1D problem example

Objective function

In order to demonstrate how surrogate modeling can outperform random sampling, we set up an easy 1-dimensional (single parameter) problem which can be found in this blog . As HYPPO targets generally Machine Learning problems where the loss function represents the objective function to be minimized, we will use the negative version of the function used in the blog.

[2]:
import numpy
def problem(X,**kwargs):
    return -(-numpy.sin(3*X) - X**2 + 0.7*X)

Let’s consider the X values to lie between -1 and 2.

[3]:
import matplotlib.pyplot as plt
X = numpy.arange(-1, 2, 0.01)
plt.style.use('seaborn-v0_8')
plt.figure(figsize=(6,4),dpi=100)
plt.plot(X, problem(X), 'black')
plt.show()
../_images/analysis_1d_problem_4_0.png

Surrogate modeling

In this page, we compare the performance of doing surrogate modeling with random sampling. The comparison can be done by plotting what we call a “convergence plot” where we plot the best value of the loss found so far after each evaluated set of parameters. The code below will execute a random sampling of 3 different parameter sets and then does a surrogate modeling over 17 iterations.

Gaussian Process

[ ]:
import hyppo
config = {
    'trainer':problem,
    'prms':{
        'nevals' : 3,
        'names'  : [ 'X'],
        'mult'   : [0.001],
        'xlow'   : [-1000],
        'xup'    : [ 2000],
    },
    'hpo':{
        'loops':27,
        'surrogate':'gp'
    }
}
hyppo.inline_job(config,run_mode=2,loops=2,store_path='1d_problem/gp')
[8]:
import hyppo
hpo_path   = 'logs/1d_problem/gp/001/logs'
evaluation = hyppo.extract('%s/evaluation*_01.log' % hpo_path, raw=True).sort_values(by=['nevals'])
surrogate  = hyppo.extract('%s/surrogate*_01.log' % hpo_path, raw=True).sort_values(by=['nevals'])

The animated gif can be created using the convert command from ImageMagick, which can be installed in the conda environment through conda-forge as follows:

conda config --add channels conda-forge
conda install imagemagick
[ ]:
import os
import numpy
X = numpy.arange(-1, 2, 0.001)
Y = -(-numpy.sin(3*X) - X**2 + 0.7*X)
hyppo.model_visualization_1d(X,Y,hpo_path,evaluation,surrogate,model_file_name="gpr",imax=10,sigma=True)
os.system('convert -delay 50 -loop 0 '+hpo_path+'/plots/iter_*.png gp1d.gif')
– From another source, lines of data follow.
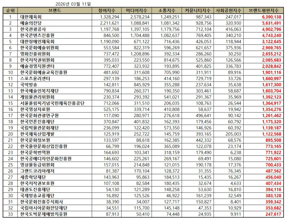 2026년 3월 문화체육관광부 공공기관 브랜드평판 순위는 대한체육회, 예술의전당, 한국관광공사, 한국콘텐츠진흥원, 대한장애인체육회, 한국문화예술위원회, 영화진흥위원회, 한국저작권위원회, 예술경영지원센터, 한국문화예술교육진흥원, 스포츠윤리센터, 국악방송, 한국예술인복지재단, 게임물관리위원회, 서울올림픽기념국민체육진흥공단, 한국영상자료원, 한국문화관광연구원, 한국언론진흥재단, 국립박물관문화재단, 한국체육산업개발, 한국문화정보원, 한국출판문화산업진흥원, 한국문학번역원, 한국공예디자인문화진흥원, 영상물등급위원회, 그랜드코리아레저, 세종학당재단, 한국저작권보호원, 태권도진흥재단, 국제방송교류재단, 한국문화진흥주식회사, 국립아시아문화전당재단, 한국도박문제예방치유원 순이었다.
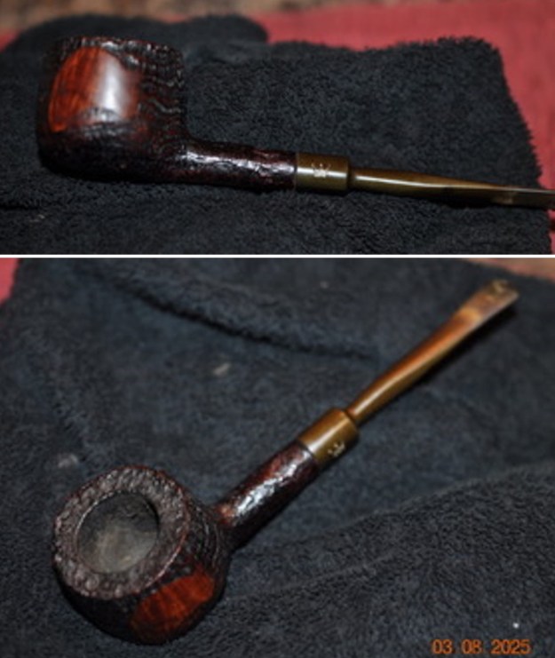 The next pipe on the table is one that we picked up in an estate lot from a seller in Sacramento, California, USA on 09/03/2024. The sandblast finish with two smooth panels looking like a Stanwell style pipe is what caught our eye. It is stamped on the underside of the shank and reads Royal Danish [over] Made in Denmark to the right it is stamped with a shape number 989. That is followed by R. It has a classic sandblast finish and the smooth panels on the sides of the bowl are a stark contrast to vulcanite, faux military taper stem. There is Royal Danish Crown logo on the right side of the stem and looks to be in good condition. The seller sent the following photo of the pipes that we purchased. The pipe I am working on is the one on the top of the right column in the photo below.
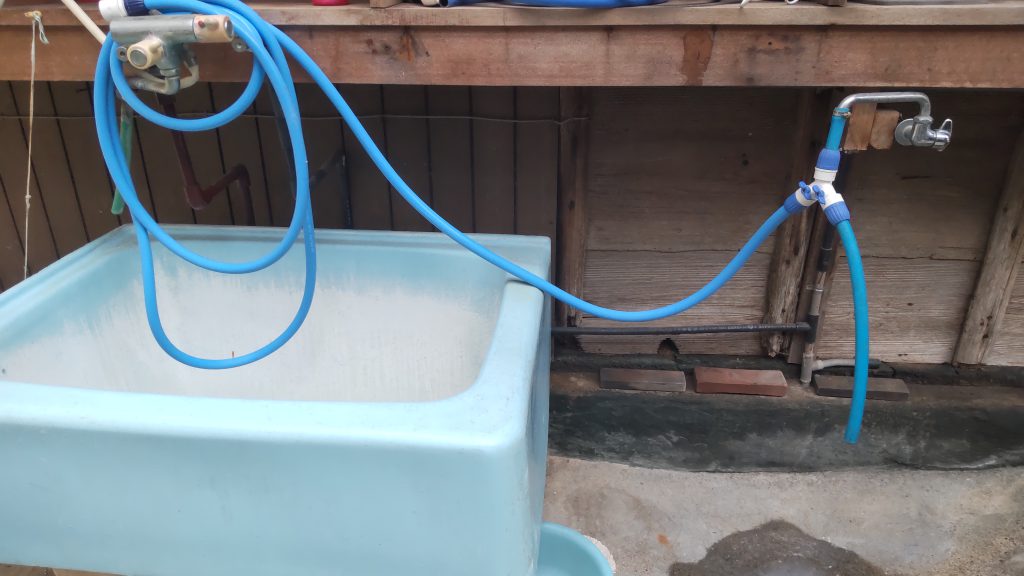 わんファミリーでは、ポロを外飼いしているため、ポロのシャンプーも外で行おうと考えました。
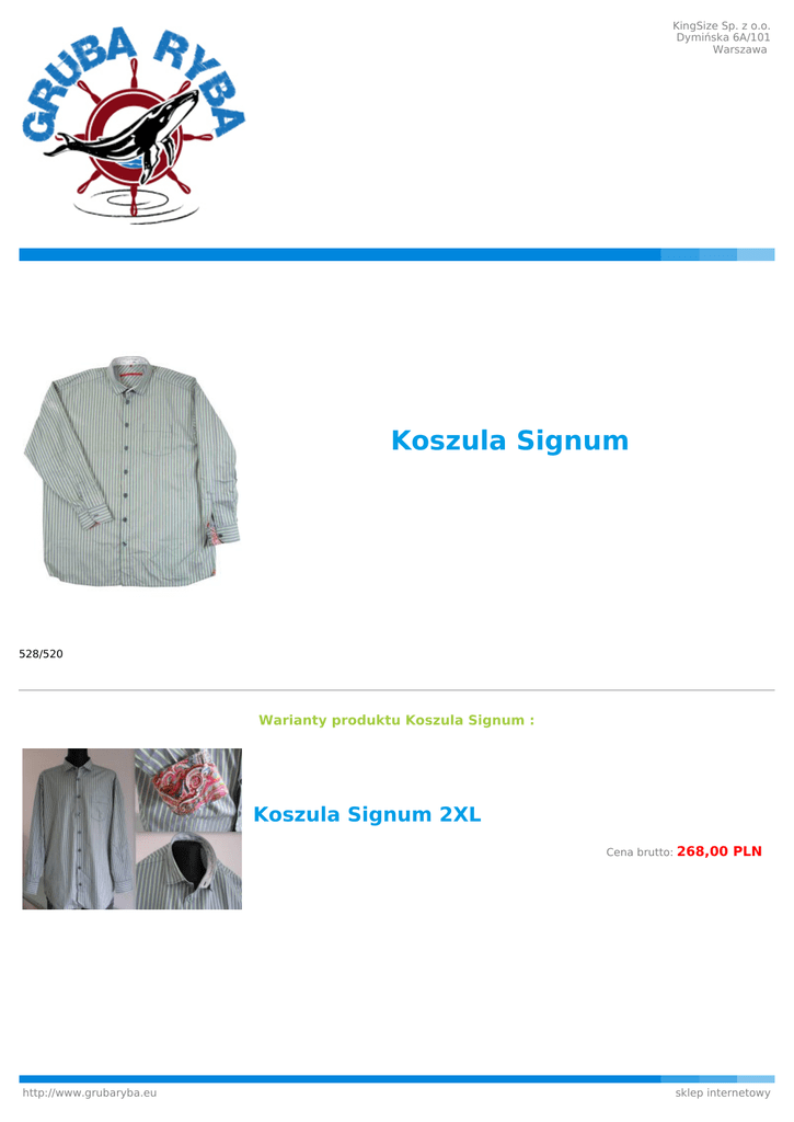 KingSize Sp. z o.o. Dymińska 6A/101 Warszawa Koszula Signum 528/520 Warianty produktu Koszula Signum : Koszula Signum 2XL Cena brutto: http://www.grubaryba.eu 268,00 PLN sklep internetowy
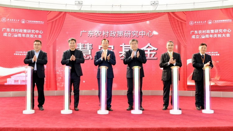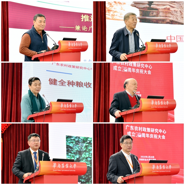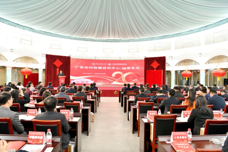 1月20日,作为广东省首个省级“三农”研究智库,广东农村政策研究中心(下称“中心”)在华南农业大学红满堂报告厅举行成立20周年庆祝大会。大会回顾了中心20年来砥砺奋进的发展历程,并围绕“智推乡村振兴和‘百千万工程’高质量发展”主题,聚焦农村改革发展中的热点难点问题,举行系列高端学术报告。来自省农业农村厅、省社科联,以及华南农业大学、中国人民大学、中国农业大学、浙江大学、中山大学、暨南大学、华南理工大学、江西财经大学等高校的知名专家和企业代表齐聚一堂,共同见证中心里程碑时刻,共绘乡村振兴美好蓝图。
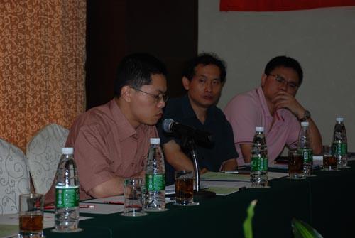 “英语口译”系列课程的主持人仲伟合教授介绍了教育部培育精品课程的理念、我校英语口译系列课程的起源和发展历程、三个口译教学与科研团队的发展计划等。他深情地回顾道,我校的口译课程从70年代就开始起步,在全国的外语院校首先开设口译课,朱道明老师、王桂珍老师、陈建平老师、许罗迈老师、肖惠云老师等都曾上过口译课,并在华南地区开始做会,而且还编写了全国第一部口译教材。这一历史沿革大家一定要清楚、要牢记。可以说,英语口译课程一直都是广外大的特色课程。“法语口译”也被评为省级精品课程。高翻学院2007年还获得大学A类教学团队和B类科研团队。高翻学院与蓝鸽公司的横向合作项目数字化口笔译教学系统已经大体完成,我们还有一个省科技厅口译实验室项目也已初具规模,项目获得了广州市科技成果一等奖。英文学院翻译系与英文学院同时成立,已经超过十年了。1993年我们与英国文化委员会开展合作,培养师资,开设口译课程,向专业化教学发展,从单一的口译课发展成系列课程,从选修课、必修课、方向课,一直发展到成为专业课程体系,同时还有面向全体本科生开设的口译课,其涵盖面广,呈立体化发展趋势。2005年获得广东省教学成果一等奖,2007年获得国家级精品课程(系列)。接下来我们要把精品课程的建设与三个团队的建设统一来抓,建设精品课程的同时,打造一支优秀的团队。

e6031cc4a06d4964b9d307228d334d4c

Radial Basis Function

[ ]:
import hyppo
config = {
    'trainer':problem,
    'prms':{
        'nevals' : 3,
        'names'  : [ 'X'],
        'mult'   : [0.001],
        'xlow'   : [-1000],
        'xup'    : [ 2000],
    },
    'hpo':{
        'loops':27,
        'surrogate':'rbf'
    }
}
hyppo.inline_job(config,run_mode=2,loops=20,store_path='1d_problem/rbf')
[ ]:
import hyppo
hpo_path   = 'logs/1d_problem/rbf/002/logs'
evaluation = hyppo.extract('%s/evaluation*_01.log' % hpo_path, raw=True).sort_values(by=['nevals'])
surrogate  = hyppo.extract('%s/surrogate*_01.log' % hpo_path, raw=True).sort_values(by=['nevals'])
[ ]:
import os
import numpy
X = numpy.arange(-1, 2, 0.001)
Y = -(-numpy.sin(3*X) - X**2 + 0.7*X)
hyppo.model_visualization_1d(X,Y,hpo_path,evaluation,surrogate,model_file_name="rbf",imax=10)
os.system('convert -delay 50 -loop 0 '+hpo_path+'/plots/iter_*.png rbf1d.gif')

3fb05da3ce0a40e38398b3ba6de8135d

Random sampling

[ ]:
import os
import shutil
import hyppo
import logging
from importlib import reload
config = {
    'trainer':problem,
    'prms':{
        'nevals' : 30,
        'names'  : [  'X'],
        'mult'   : [0.001],
        'xlow'   : [-1000],
        'xup'    : [ 2000],
    },
}
hyppo.inline_job(config,run_mode=0,loops=20,store_path='1d_problem/random')

Convergence plots

[ ]:
import hyppo
import matplotlib.pyplot as plt
from matplotlib.ticker import FormatStrFormatter
plt.style.use('seaborn')
plt.figure(figsize=(6,4),dpi=200)
for i,(path,color) in enumerate([['logs/1d_problem/gp','blue'],['logs/1d_problem/rbf','green'],['logs/1d_problem/random','red']]):
    mean_loss, mean_sdev = hyppo.get_convergence(path,with_surrogate=(i<2),sigma=True)
    plt.plot(mean_loss,color=color,lw=1,zorder=1,label=path,drawstyle='steps-post')
    plt.fill_between(range(len(mean_loss)),mean_loss-mean_sdev/2,mean_loss+mean_sdev/2,
                     alpha=0.1,lw=0,color=color,step='post')
plt.xlim(0,len(mean_loss))
plt.ylabel('Loss')
plt.xlabel('Index of function evaluations')
plt.legend(loc='upper right')
plt.axvline(3,color='k',lw=1,ls='dashed')
plt.tight_layout(h_pad=0.1)
plt.show()
../_images/analysis_1d_problem_20_0.png